Activity: Although the entries contain pictures, only their words should be duplicated exactly.

Stored data:
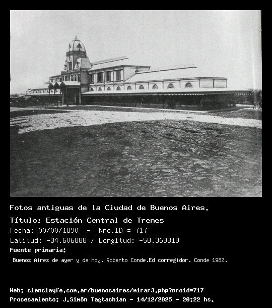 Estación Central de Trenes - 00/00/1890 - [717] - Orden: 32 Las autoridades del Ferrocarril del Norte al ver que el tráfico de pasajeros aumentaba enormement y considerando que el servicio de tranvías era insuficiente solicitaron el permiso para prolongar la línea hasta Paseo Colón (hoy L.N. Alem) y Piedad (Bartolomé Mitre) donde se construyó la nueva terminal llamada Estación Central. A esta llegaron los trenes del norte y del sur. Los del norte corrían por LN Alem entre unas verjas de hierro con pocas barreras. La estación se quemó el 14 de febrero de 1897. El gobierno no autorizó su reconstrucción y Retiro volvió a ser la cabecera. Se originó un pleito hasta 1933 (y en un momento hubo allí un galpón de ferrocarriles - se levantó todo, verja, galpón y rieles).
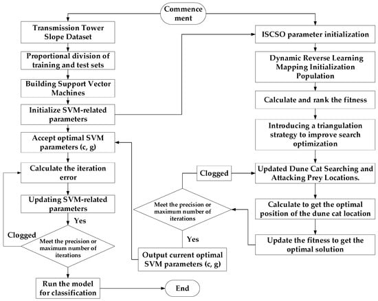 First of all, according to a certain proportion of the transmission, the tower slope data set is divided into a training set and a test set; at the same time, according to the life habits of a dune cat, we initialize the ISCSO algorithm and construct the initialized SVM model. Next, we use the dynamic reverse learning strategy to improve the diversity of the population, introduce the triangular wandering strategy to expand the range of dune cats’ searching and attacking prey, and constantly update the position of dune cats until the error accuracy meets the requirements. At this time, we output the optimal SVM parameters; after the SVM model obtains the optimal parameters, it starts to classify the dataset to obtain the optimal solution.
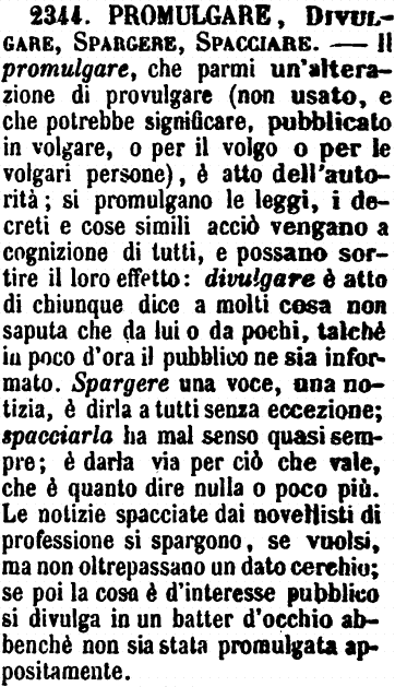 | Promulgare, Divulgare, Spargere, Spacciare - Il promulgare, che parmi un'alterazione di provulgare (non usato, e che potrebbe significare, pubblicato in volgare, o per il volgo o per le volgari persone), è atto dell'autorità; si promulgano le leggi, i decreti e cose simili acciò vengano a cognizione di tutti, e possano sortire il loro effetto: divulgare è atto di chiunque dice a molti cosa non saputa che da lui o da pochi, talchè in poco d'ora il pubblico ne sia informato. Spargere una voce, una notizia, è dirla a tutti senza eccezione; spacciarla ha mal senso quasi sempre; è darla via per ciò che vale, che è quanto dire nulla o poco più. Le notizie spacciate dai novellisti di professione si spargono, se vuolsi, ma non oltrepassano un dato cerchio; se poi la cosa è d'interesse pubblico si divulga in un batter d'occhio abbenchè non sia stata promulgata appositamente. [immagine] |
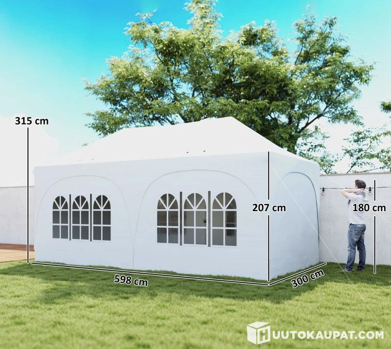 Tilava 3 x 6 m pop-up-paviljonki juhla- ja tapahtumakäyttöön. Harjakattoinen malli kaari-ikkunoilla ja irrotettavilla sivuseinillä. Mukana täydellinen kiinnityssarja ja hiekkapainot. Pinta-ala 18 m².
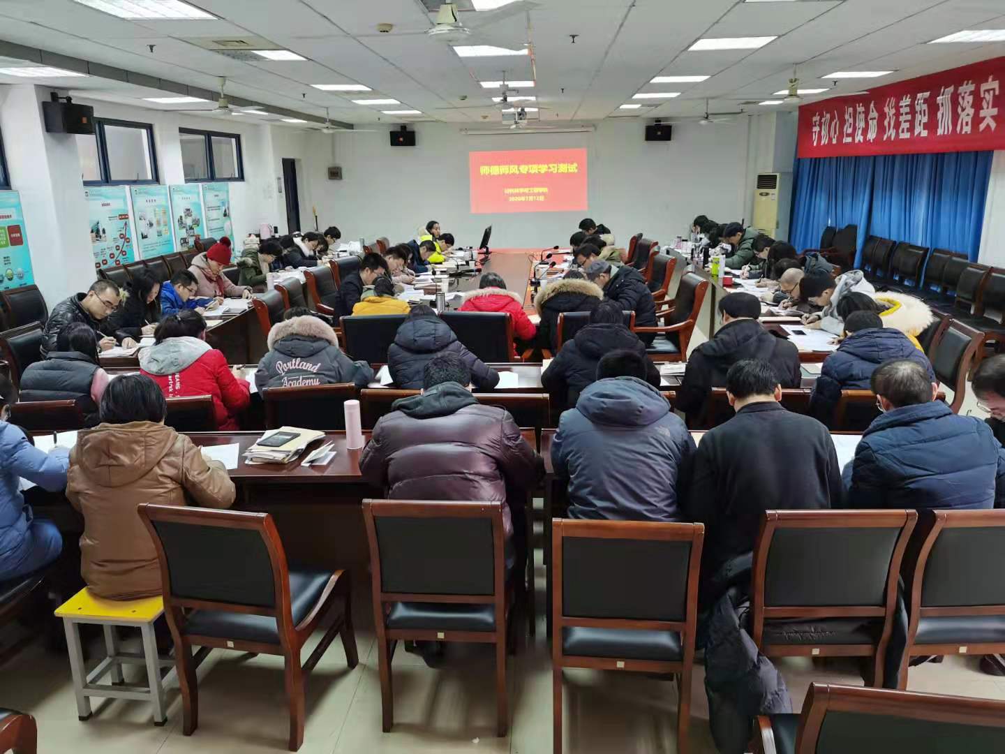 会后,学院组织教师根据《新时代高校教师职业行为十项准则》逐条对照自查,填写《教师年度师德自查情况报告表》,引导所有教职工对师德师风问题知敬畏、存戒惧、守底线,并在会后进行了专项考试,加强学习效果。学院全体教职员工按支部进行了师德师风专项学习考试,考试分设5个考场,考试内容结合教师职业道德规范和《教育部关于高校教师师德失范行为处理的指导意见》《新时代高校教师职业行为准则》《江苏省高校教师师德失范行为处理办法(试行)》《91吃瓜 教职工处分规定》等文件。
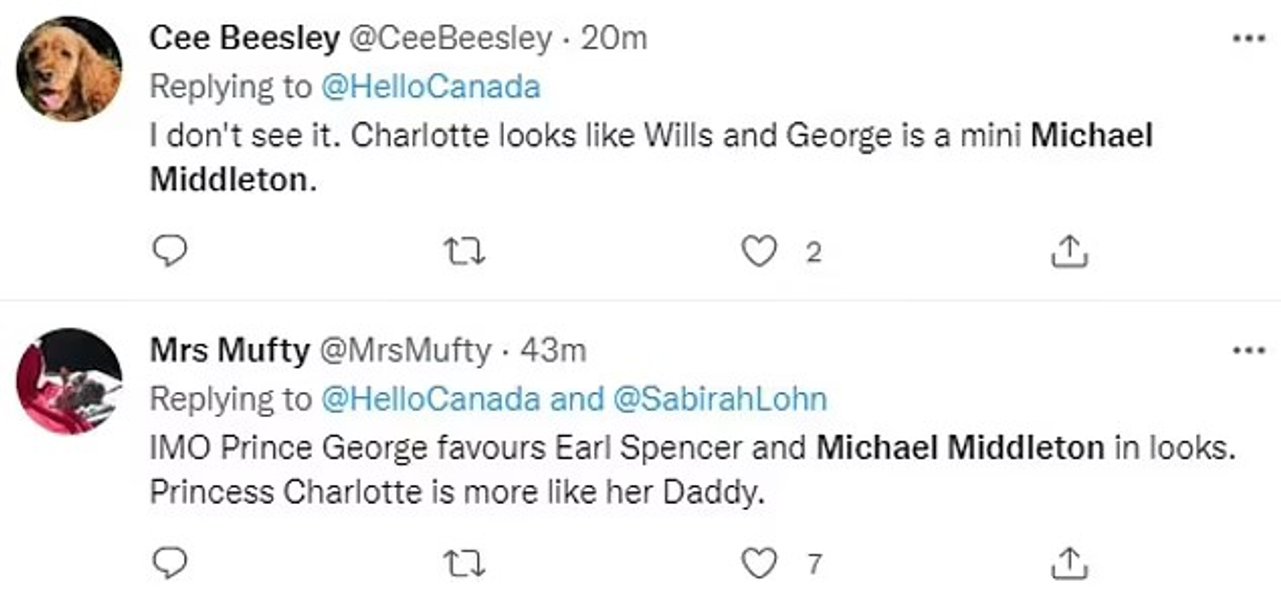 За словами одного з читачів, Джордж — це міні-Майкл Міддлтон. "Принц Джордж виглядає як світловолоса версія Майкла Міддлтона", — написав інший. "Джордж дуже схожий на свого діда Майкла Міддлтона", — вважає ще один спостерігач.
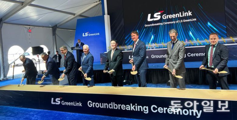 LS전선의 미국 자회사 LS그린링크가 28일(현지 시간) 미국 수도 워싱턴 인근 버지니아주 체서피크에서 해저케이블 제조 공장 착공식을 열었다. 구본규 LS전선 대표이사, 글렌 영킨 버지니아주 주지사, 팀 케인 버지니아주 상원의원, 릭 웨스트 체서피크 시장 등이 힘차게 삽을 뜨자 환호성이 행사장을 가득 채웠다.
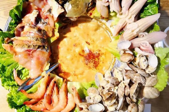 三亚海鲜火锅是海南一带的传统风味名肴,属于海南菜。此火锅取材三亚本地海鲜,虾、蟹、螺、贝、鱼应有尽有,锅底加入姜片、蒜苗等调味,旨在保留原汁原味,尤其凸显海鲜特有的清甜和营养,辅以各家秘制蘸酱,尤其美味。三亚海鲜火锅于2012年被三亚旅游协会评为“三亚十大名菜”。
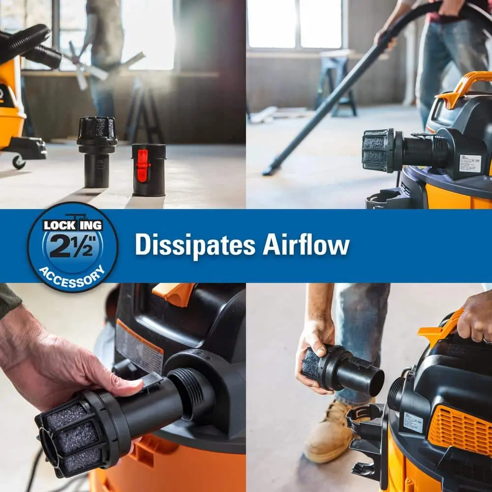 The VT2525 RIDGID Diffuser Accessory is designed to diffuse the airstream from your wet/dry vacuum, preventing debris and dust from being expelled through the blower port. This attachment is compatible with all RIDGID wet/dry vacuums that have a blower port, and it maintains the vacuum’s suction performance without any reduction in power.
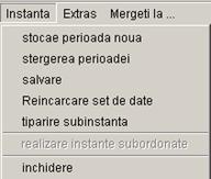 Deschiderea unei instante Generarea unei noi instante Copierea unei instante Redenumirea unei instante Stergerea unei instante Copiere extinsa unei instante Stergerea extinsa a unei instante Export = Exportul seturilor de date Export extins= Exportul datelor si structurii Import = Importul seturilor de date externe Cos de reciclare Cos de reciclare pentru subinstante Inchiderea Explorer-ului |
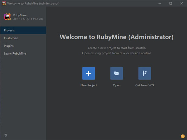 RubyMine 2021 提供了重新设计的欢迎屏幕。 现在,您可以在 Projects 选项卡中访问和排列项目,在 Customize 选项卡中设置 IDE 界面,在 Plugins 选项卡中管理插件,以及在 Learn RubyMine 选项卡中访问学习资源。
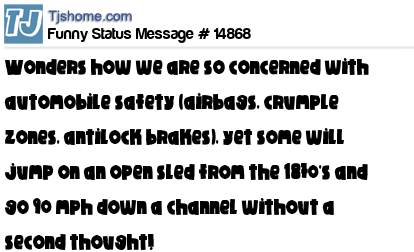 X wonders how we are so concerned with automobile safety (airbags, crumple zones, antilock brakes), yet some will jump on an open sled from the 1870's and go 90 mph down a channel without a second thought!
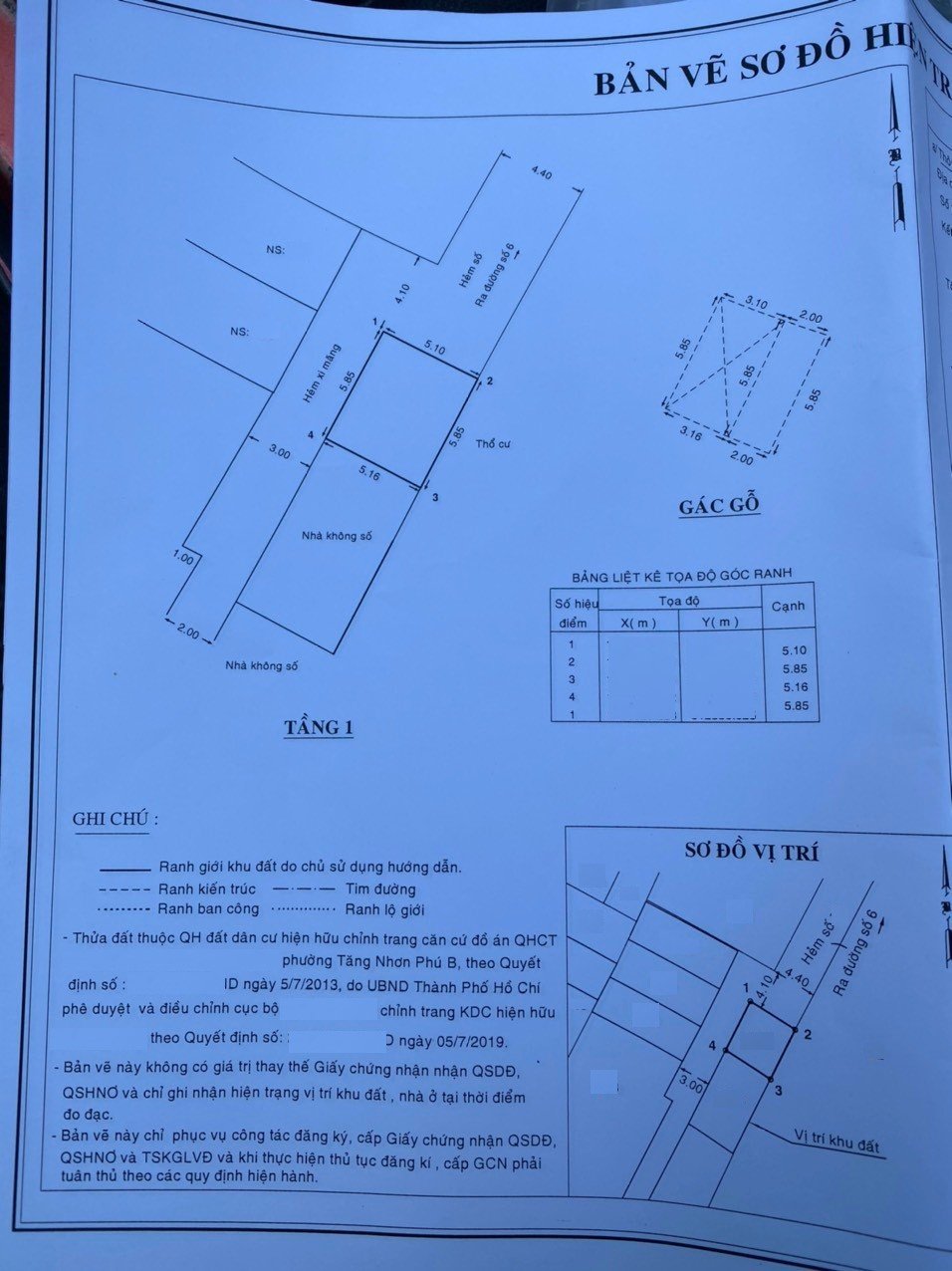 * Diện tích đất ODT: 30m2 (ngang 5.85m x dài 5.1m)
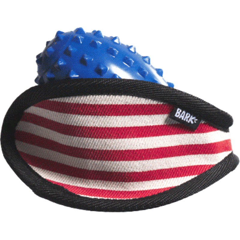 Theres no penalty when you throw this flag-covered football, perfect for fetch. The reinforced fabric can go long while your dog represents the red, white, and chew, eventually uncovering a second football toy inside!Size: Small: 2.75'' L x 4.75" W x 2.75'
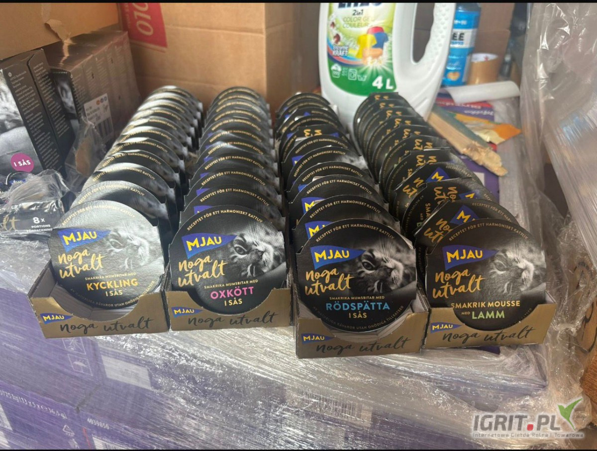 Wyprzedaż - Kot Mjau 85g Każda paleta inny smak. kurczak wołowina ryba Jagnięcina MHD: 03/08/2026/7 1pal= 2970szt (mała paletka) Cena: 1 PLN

Exercise output:
 Estación Central de Trenes - 00/00/1890 - [717] - Orden: 32 Las autoridades del Ferrocarril del Norte al ver que el tráfico de pasajeros aumentaba enormement y considerando que el servicio de tranvías era insuficiente solicitaron el permiso para prolongar la línea hasta Paseo Colón (hoy L.N. Alem) y Piedad (Bartolomé Mitre) donde se construyó la nueva terminal llamada Estación Central. A esta llegaron los trenes del norte y del sur. Los del norte corrían por LN Alem entre unas verjas de hierro con pocas barreras. La estación se quemó el 14 de febrero de 1897. El gobierno no autorizó su reconstrucción y Retiro volvió a ser la cabecera. Se originó un pleito hasta 1933 (y en un momento hubo allí un galpón de ferrocarriles - se levantó todo, verja, galpón y rieles).
 First of all, according to a certain proportion of the transmission, the tower slope data set is divided into a training set and a test set; at the same time, according to the life habits of a dune cat, we initialize the ISCSO algorithm and construct the initialized SVM model. Next, we use the dynamic reverse learning strategy to improve the diversity of the population, introduce the triangular wandering strategy to expand the range of dune cats’ searching and attacking prey, and constantly update the position of dune cats until the error accuracy meets the requirements. At this time, we output the optimal SVM parameters; after the SVM model obtains the optimal parameters, it starts to classify the dataset to obtain the optimal solution.
 | Promulgare, Divulgare, Spargere, Spacciare - Il promulgare, che parmi un'alterazione di provulgare (non usato, e che potrebbe significare, pubblicato in volgare, o per il volgo o per le volgari persone), è atto dell'autorità; si promulgano le leggi, i decreti e cose simili acciò vengano a cognizione di tutti, e possano sortire il loro effetto: divulgare è atto di chiunque dice a molti cosa non saputa che da lui o da pochi, talchè in poco d'ora il pubblico ne sia informato. Spargere una voce, una notizia, è dirla a tutti senza eccezione; spacciarla ha mal senso quasi sempre; è darla via per ciò che vale, che è quanto dire nulla o poco più. Le notizie spacciate dai novellisti di professione si spargono, se vuolsi, ma non oltrepassano un dato cerchio; se poi la cosa è d'interesse pubblico si divulga in un batter d'occhio abbenchè non sia stata promulgata appositamente. [immagine] |
 Tilava 3 x 6 m pop-up-paviljonki juhla- ja tapahtumakäyttöön. Harjakattoinen malli kaari-ikkunoilla ja irrotettavilla sivuseinillä. Mukana täydellinen kiinnityssarja ja hiekkapainot. Pinta-ala 18 m².
 会后,学院组织教师根据《新时代高校教师职业行为十项准则》逐条对照自查,填写《教师年度师德自查情况报告表》,引导所有教职工对师德师风问题知敬畏、存戒惧、守底线,并在会后进行了专项考试,加强学习效果。学院全体教职员工按支部进行了师德师风专项学习考试,考试分设5个考场,考试内容结合教师职业道德规范和《教育部关于高校教师师德失范行为处理的指导意见》《新时代高校教师职业行为准则》《江苏省高校教师师德失范行为处理办法(试行)》《91吃瓜 教职工处分规定》等文件。
 За словами одного з читачів, Джордж — це міні-Майкл Міддлтон. "Принц Джордж виглядає як світловолоса версія Майкла Міддлтона", — написав інший. "Джордж дуже схожий на свого діда Майкла Міддлтона", — вважає ще один спостерігач.
 LS전선의 미국 자회사 LS그린링크가 28일(현지 시간) 미국 수도 워싱턴 인근 버지니아주 체서피크에서 해저케이블 제조 공장 착공식을 열었다. 구본규 LS전선 대표이사, 글렌 영킨 버지니아주 주지사, 팀 케인 버지니아주 상원의원, 릭 웨스트 체서피크 시장 등이 힘차게 삽을 뜨자 환호성이 행사장을 가득 채웠다.
 三亚海鲜火锅是海南一带的传统风味名肴,属于海南菜。此火锅取材三亚本地海鲜,虾、蟹、螺、贝、鱼应有尽有,锅底加入姜片、蒜苗等调味,旨在保留原汁原味,尤其凸显海鲜特有的清甜和营养,辅以各家秘制蘸酱,尤其美味。三亚海鲜火锅于2012年被三亚旅游协会评为“三亚十大名菜”。
 The VT2525 RIDGID Diffuser Accessory is designed to diffuse the airstream from your wet/dry vacuum, preventing debris and dust from being expelled through the blower port. This attachment is compatible with all RIDGID wet/dry vacuums that have a blower port, and it maintains the vacuum’s suction performance without any reduction in power.
 Deschiderea unei instante Generarea unei noi instante Copierea unei instante Redenumirea unei instante Stergerea unei instante Copiere extinsa unei instante Stergerea extinsa a unei instante Export = Exportul seturilor de date Export extins= Exportul datelor si structurii Import = Importul seturilor de date externe Cos de reciclare Cos de reciclare pentru subinstante Inchiderea Explorer-ului |
 RubyMine 2021 提供了重新设计的欢迎屏幕。 现在,您可以在 Projects 选项卡中访问和排列项目,在 Customize 选项卡中设置 IDE 界面,在 Plugins 选项卡中管理插件,以及在 Learn RubyMine 选项卡中访问学习资源。
 X wonders how we are so concerned with automobile safety (airbags, crumple zones, antilock brakes), yet some will jump on an open sled from the 1870's and go 90 mph down a channel without a second thought!
 * Diện tích đất ODT: 30m2 (ngang 5.85m x dài 5.1m)
 Theres no penalty when you throw this flag-covered football, perfect for fetch. The reinforced fabric can go long while your dog represents the red, white, and chew, eventually uncovering a second football toy inside!Size: Small: 2.75'' L x 4.75" W x 2.75'
 Wyprzedaż - Kot Mjau 85g Każda paleta inny smak. kurczak wołowina ryba Jagnięcina MHD: 03/08/2026/7 1pal= 2970szt (mała paletka) Cena: 1 PLN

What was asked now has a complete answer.